*** STUDY MATERIAL ***

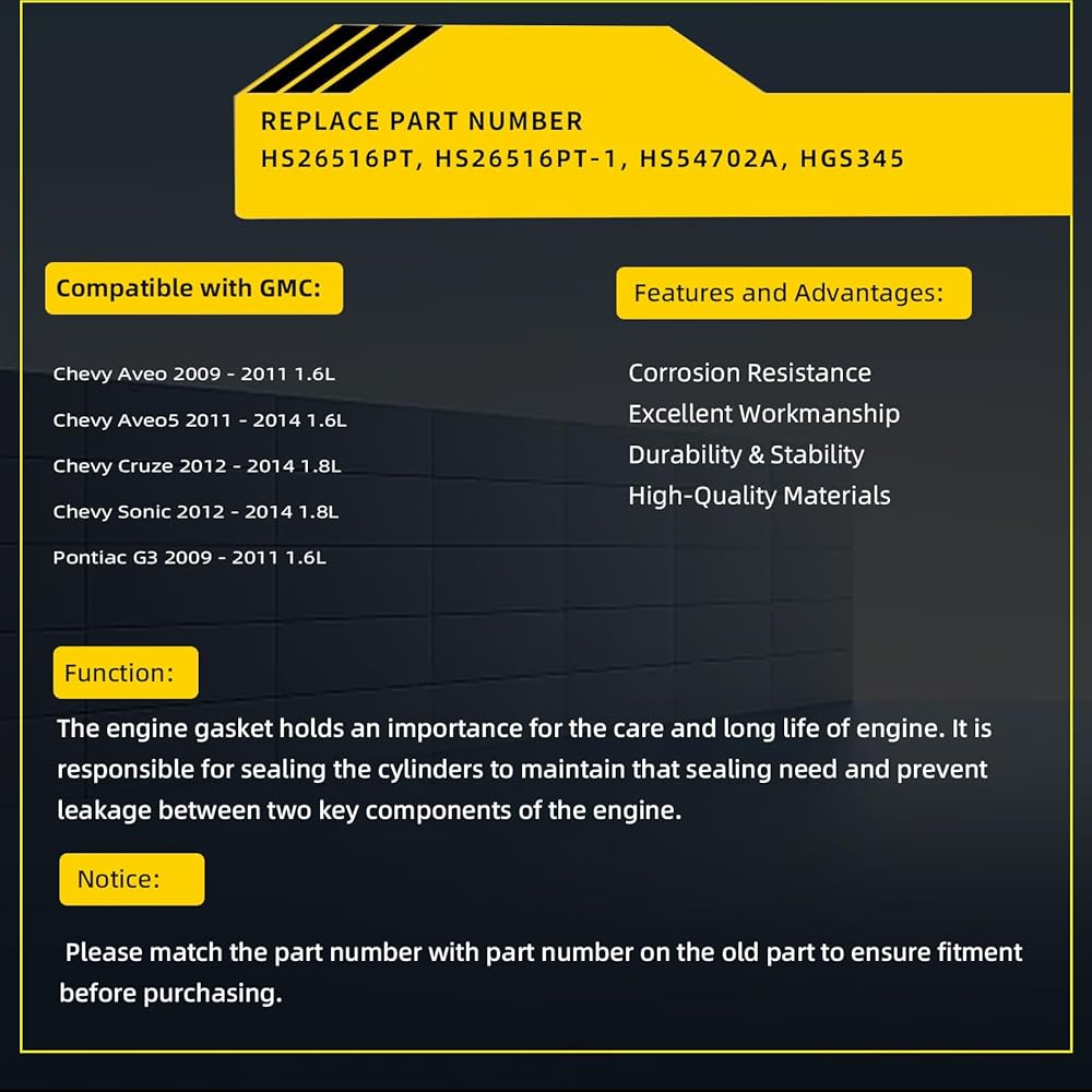 HS26516PT HS54702A HS26516PT-1 مجموعة حشيات رأس المحرك يناسب تشيفي أفيو Aveo5 كروز سونيك/لبونتياك G3 2009 2011 2012 2013 2014 1.6L 1.8L
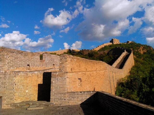 金山岭长城位于承德市滦平县与北京市密云县交界处,是由明代抗倭名将戚继光亲自主持修建的一段长城。这段长城依附重重山峦而建,逶迤曲折,登上长城,视野非常开阔壮观,是明代长城中景色最为秀美雄壮的一段。在长城的北侧与之对应的则是一条近似平行的马路,马路东侧的起点即为景区入口。在马路上,共有三处岔路口通向山顶的长城,分别为靠近景区入口的涵龙沟,马路中间的沙岭沟和最深处马路尽头的砖垛口,每条入口爬上长城都需要1小时左右,需要一定体力。在涵龙沟处有有一条索道,乘坐索道上山仅需20分钟,单程40元,往返80元,体力不足者可以选择乘坐。游览整个景区约需要半天,若从北京市区前来,则需要准备一天左右。
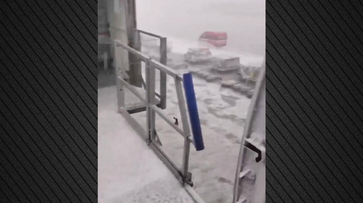 Σφοδρή καταιγίδα με χαλαζόπτωση προκάλεσε σοβαρές διαταραχές, πλημμυρίζοντας τους διαδρόμους απογείωσης και εισχωρώντας στις εγκαταστάσεις του αεροδρομίου.
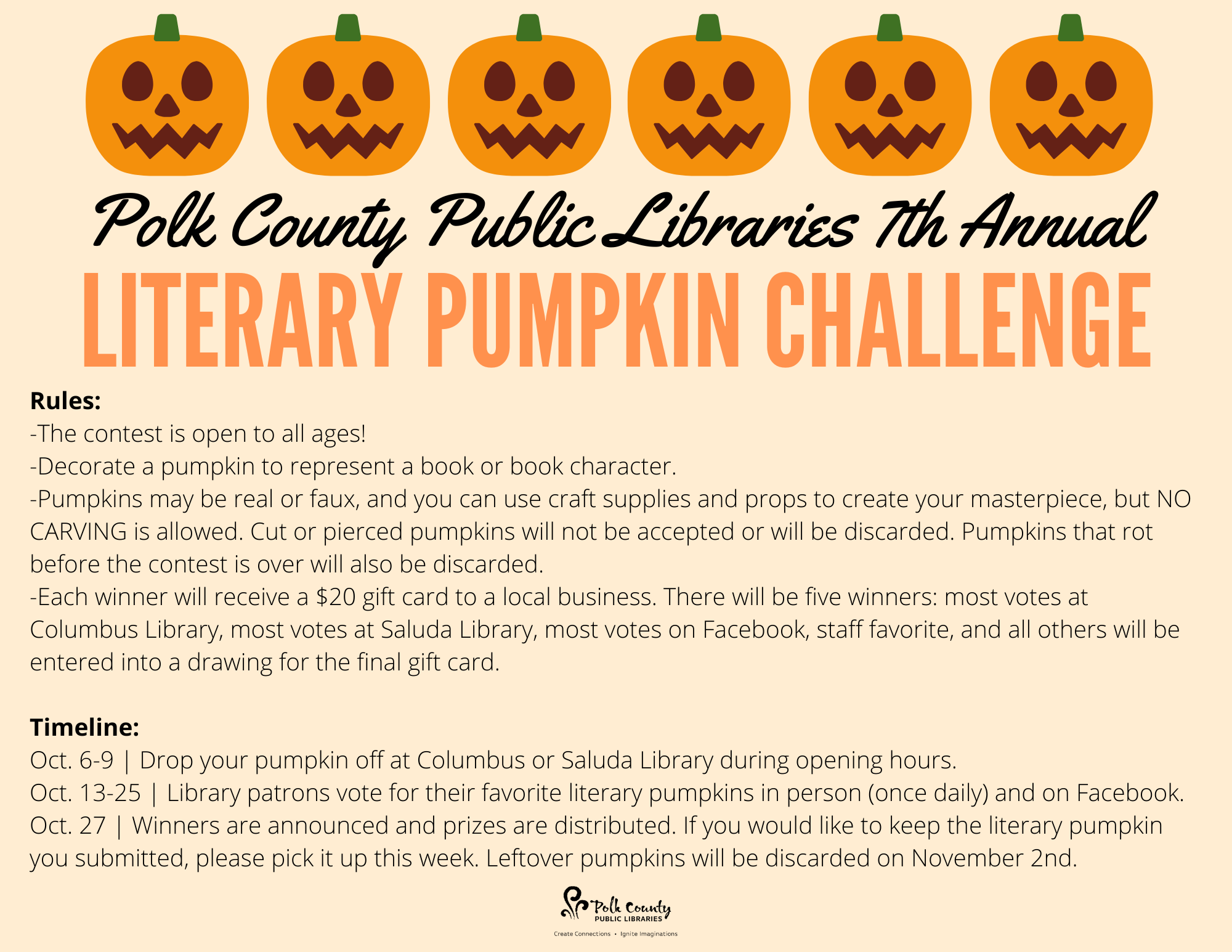 Oct. 6-9 | Drop your pumpkin off at Columbus or Saluda Library during opening hours.
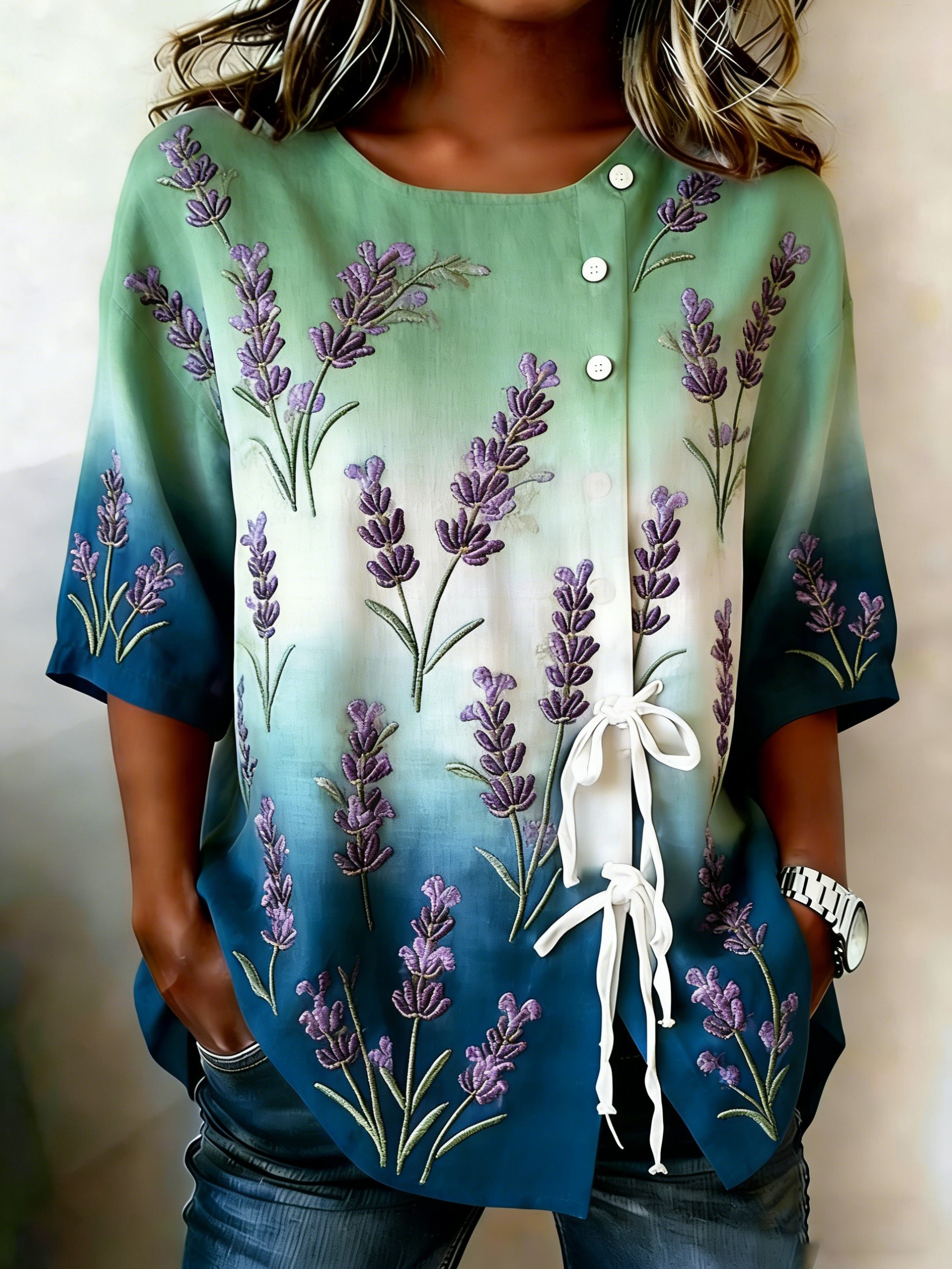 Camiseta Casual Floral Algodón Lino-Mujer
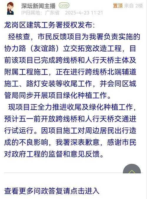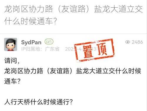24. 帖文《龙岗区协力路(友谊路)盐龙大道立交什么时候通车?》

*** End of STUDY MATERIAL ***

WORK TO COMPLETE:
Transcribe exactly each line of the records from the start up to and including the one with "Camiseta Casual Floral Algodón Lino-Mujer", and leave out every picture.

SOLVED EXERCISE:
 HS26516PT HS54702A HS26516PT-1 مجموعة حشيات رأس المحرك يناسب تشيفي أفيو Aveo5 كروز سونيك/لبونتياك G3 2009 2011 2012 2013 2014 1.6L 1.8L
 金山岭长城位于承德市滦平县与北京市密云县交界处,是由明代抗倭名将戚继光亲自主持修建的一段长城。这段长城依附重重山峦而建,逶迤曲折,登上长城,视野非常开阔壮观,是明代长城中景色最为秀美雄壮的一段。在长城的北侧与之对应的则是一条近似平行的马路,马路东侧的起点即为景区入口。在马路上,共有三处岔路口通向山顶的长城,分别为靠近景区入口的涵龙沟,马路中间的沙岭沟和最深处马路尽头的砖垛口,每条入口爬上长城都需要1小时左右,需要一定体力。在涵龙沟处有有一条索道,乘坐索道上山仅需20分钟,单程40元,往返80元,体力不足者可以选择乘坐。游览整个景区约需要半天,若从北京市区前来,则需要准备一天左右。
 Σφοδρή καταιγίδα με χαλαζόπτωση προκάλεσε σοβαρές διαταραχές, πλημμυρίζοντας τους διαδρόμους απογείωσης και εισχωρώντας στις εγκαταστάσεις του αεροδρομίου.
 Oct. 6-9 | Drop your pumpkin off at Columbus or Saluda Library during opening hours.
 Camiseta Casual Floral Algodón Lino-Mujer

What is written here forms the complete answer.